Guidelines for the design of privacy management tools for smartphone devices

Smartphones are nowadays deeply integrated in people’s everyday lives. Their popularity is in large part due to the availablity of third-party applications, often available without up-front costs, which rely on behavioural advertising as their source of revenue. However, because such devices are always with users, they expose individuals to the ubiquitous tracking of personal information by apps’ third parties, a phenomenon known as data leakage.

A Privacy Management Tool (PMT) is a type of privacy-enhancing technology intended to raise awareness and improve users’ choices regarding the privacy trade-offs that underpin the use of smartphone apps. Such tools seek to address weaknesses indicated by research which shows that while data leakage represents an acknowledged source of concern for users, the privacy information and control tools currently available on smartphones fail to support them in making informed decisions about privacy.

In order to support further development of such technology this research investigated the experience of users with a privacy management app to devise design recommendations. The provision of guidelines to help designers improve the effectiveness and user experience of such tools represents a current knowledge gap that has not been addressed in previous work.

The research began with a systematic literature review which addressed privacy issues related to apps and smartphone devices, and factors that prevent users from making informed decisions when managing privacy settings. It confirmed that apps can collect a wide range of personally identifiable information and sensitive behaviour information which is used by behavioural advertising companies to uniquely identify and track users across different applications and devices for profiling purposes.

The review also indicated that the lack of awareness concerning privacy threats, the complexity of the decision-making faced by users, and the fact that privacy is often a secondary order of concern for users are the most important factors that make privacy hard to manage on smartphones.

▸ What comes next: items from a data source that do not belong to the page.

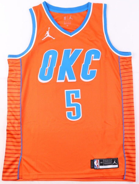 Jordan NBA Replica jersey with everything pressed on, size 48. Hand-signed by Luguentz Dort.The autograph(s) includes an official PSA/DNA hologram and QR Code card for authenticity purposes.Authentication: PSA Hologram with QR Code card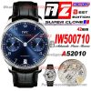 Portugieser IW500710 Automatic Mens Watch Super Clone AZF 41mm Blue Dial Black Leather Strap A69355
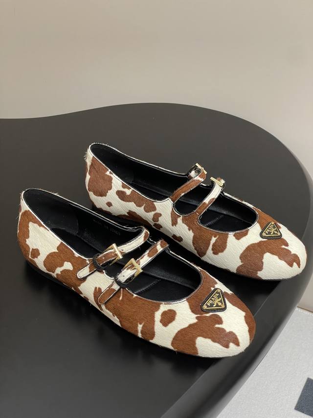 25Ss早春新款prada普拉达奶牛马毛平底单鞋玛丽珍芭蕾舞鞋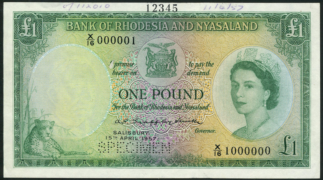 (†) Bank of Rhodesia and Nyasaland, printer's archival specimen £1 (2), 15 April 1957, serial number run X/16 000001 to X/16 1000000, 26 March 1959, serial number run X/28 000001 to X/28 1000000, both signature Grafftey-Smith; green and multicoloured, portrait of Queen Elizabeth II at right, reverse Zimbabwe ruins, perforated SPECIMEN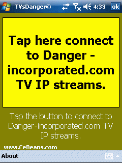 This program connects you to the mobile version of www.Danger-Incorporated.com Tap the button while connected to the internet to tune into TV IP.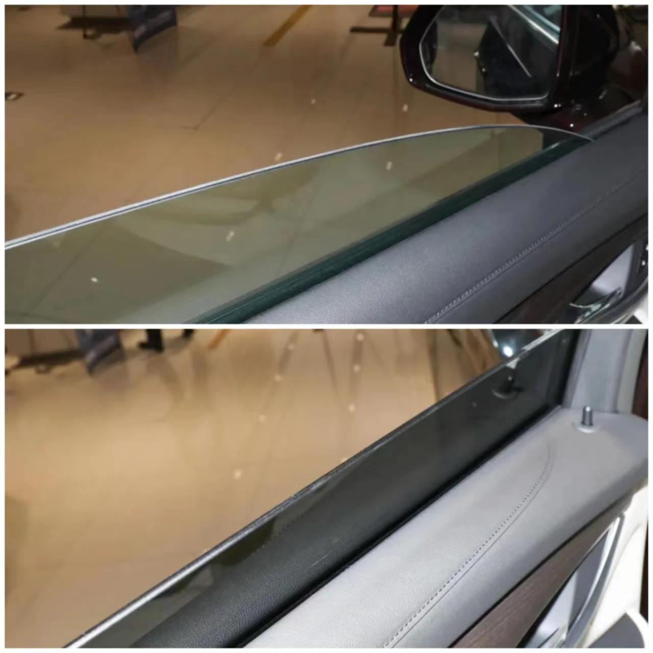 昂科旗艾維亞版前排的多層隔音玻璃(上)和后排隱私玻璃(下)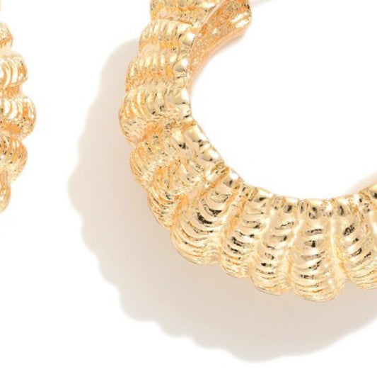 Chunky Ridged Metal Tone Drop Hoop Earrings
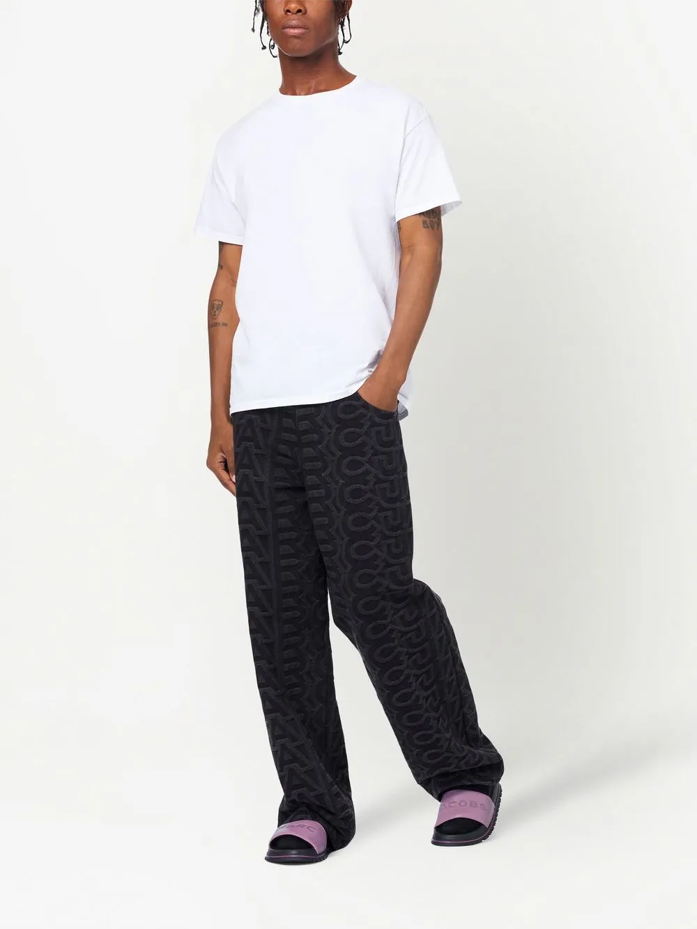 Marc Jacobs pairs bold branding with premium materials, as showcased by these sandals. Crafted from smooth calf leather, this slip-on style features a contrasting logo-embossed upper for a recognisable touch.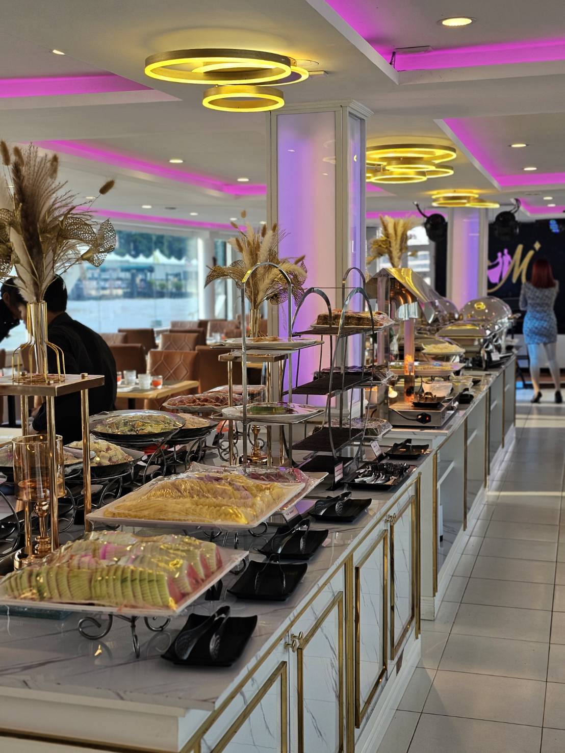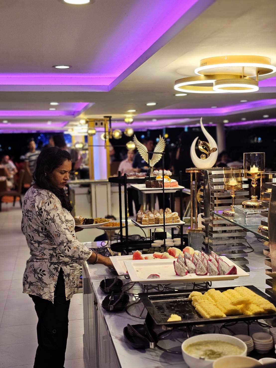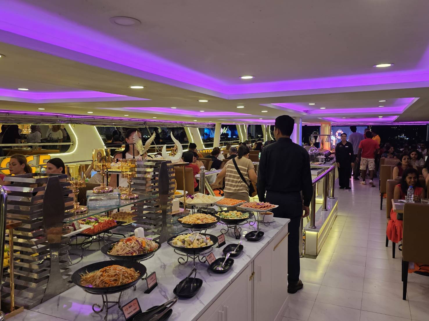 ท่านสามารถเลือกใช้บริการได้ถึง 2 รอบเวลา ได้แก่ รอบพระอาทิตย์ตกดิน (Twilight) หรือรอบดินเนอร์ (Dinner) จัดเต็มกับเมนูมากมายไม่ว่าจะเป็นเมนูซีฟู้ด อาทิ กุ้งแม่น้าย่าง หอยอบเนย แซลมอนซาชิมิ ซูชิหน้าต่างๆ ขนมหวานหลากหลายชนิด เช่น พานาคอตต้า เครมบรูเล่ ฯลฯ นอกจากนี้ทุกท่านจะได้รับฟังดนตรีสดแสนเพลิดเพลินจาก Live Band และการแสดงนาฏศิลป์ไทยไม่ซ้าใคร เพียงเท่านี้ทุกท่านจะได้อิ่มกายอิ่มใจและประทับใจกับการบริการของเรือสาราญเมอริเดียน ครูซ ไม่รู้ลืม…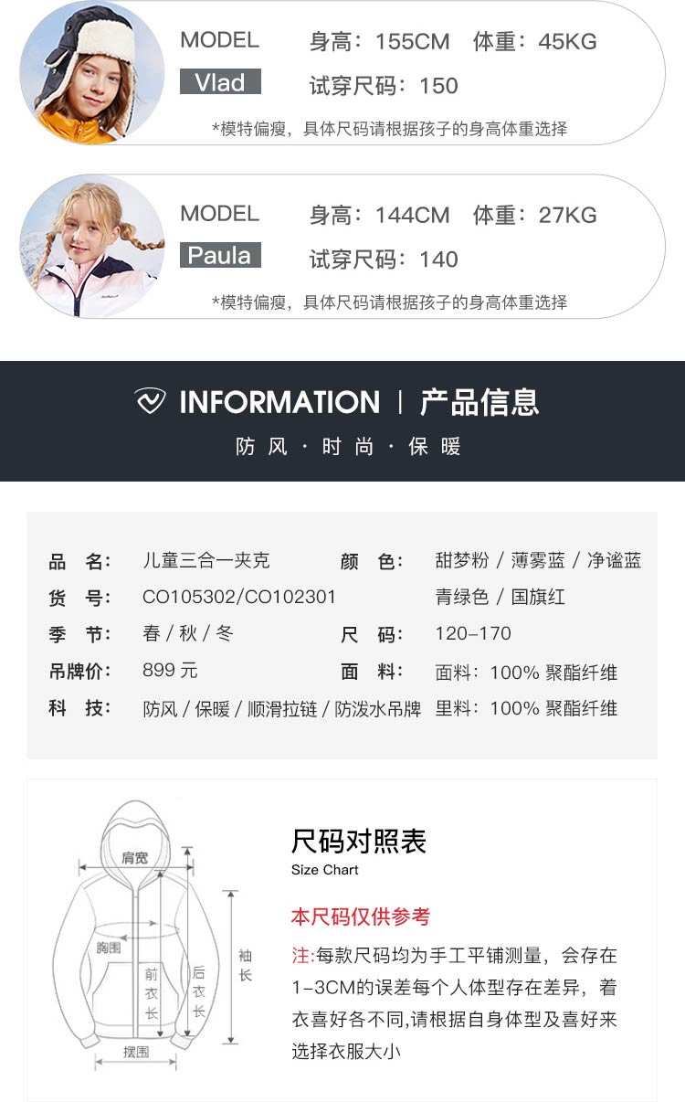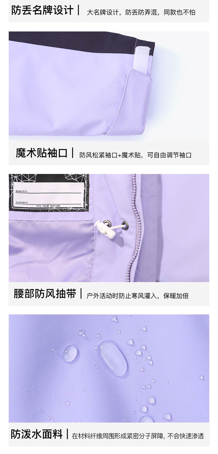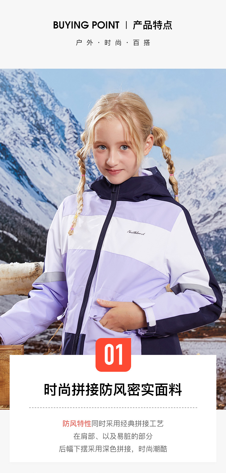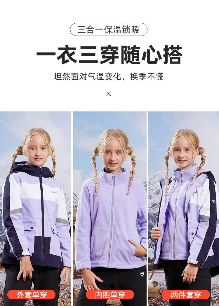 这款Northland 诺诗兰 儿童三合一冲锋衣,选用特殊面料,专业防水科技,具有良好的防水性能和透气性能,阻挡雨水的同时,排出身体周围水汽,保障长时间运动干爽舒适;升级250g摇粒绒内胆,加倍保暖畜热,袖子内里采用尼丝纺,顺滑易穿脱。防风连帽,帽檐采用双面胶工艺,帽口松紧收口.可拆卸设计,一衣三穿,应对环境多样穿着。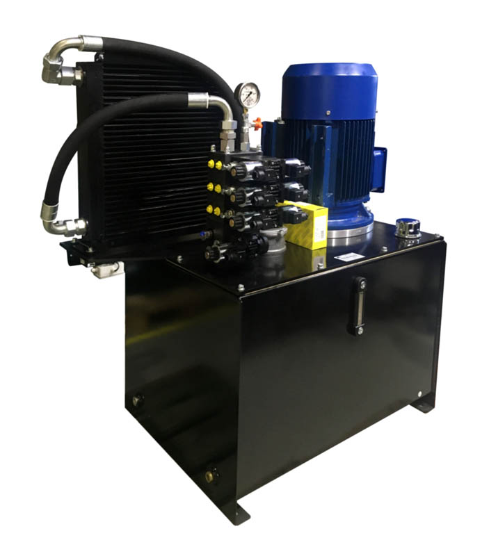- На гидростанции установлены все необходимые датчики для удаленного контроля работы и обеспечения безопасности оборудования: контроль давления, максимальной температуры, опасного и аварийного уровня рабочей жидкости в баке, состояние фильтрующего элемента.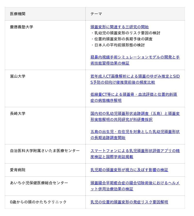 - 乳幼児頭蓋変形の共同研究を3年連続で公募
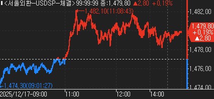 장중 고점은 1,482.10원, 저점은 1,474.30원으로 장중 변동 폭은 7.80원이다.

A user study was conducted to investigate the participants’ personal perception of privacy, and their expectations and opinions toward the privacy management app. The outcome of this study confirmed and further extended the findings from the body of publications addressed in the literature review, and led to the identification of an initial set of twenty-two design guidelines aimed at improving the effectiveness and user experience of PMTs for smartphone devices. These guidelines encompassed the communication of privacy information, the management of privacy settings as well as the awareness and feelings elicited through the use of such tools.

The proposed guidelines were further evaluated through the feedback of five experts from both industry and academia whose professional backgrounds included Human-Computer Interaction (HCI), user experience and mobile privacy. The review process was supported through a set of high-fidelity wireframe prototypes, whose design was informed by a design space that was developed as part of this research. Eighteen of the initial twenty-two guidelines were judged to be appropriate in informing the design process of PMTs for smartphone devices. Furthermore, helping users to balance the valued functionality of apps with privacy while requiring the least effort and avoiding the use of technical jargon were regarded by experts as the most critical guidelines.

Findings from the expert evaluation showed that additional effort is required to offer recommendations to:

• improve the trustworthiness of privacy information;

• find a balance between the salience of the tool and the risk of eliciting annoyance;

• enhance transparency of the data flow;

• foster acceptance of automatic decisions made on behalf of the user;

In addition, further work is required to optimise the way the guidelines are conveyed to design teams.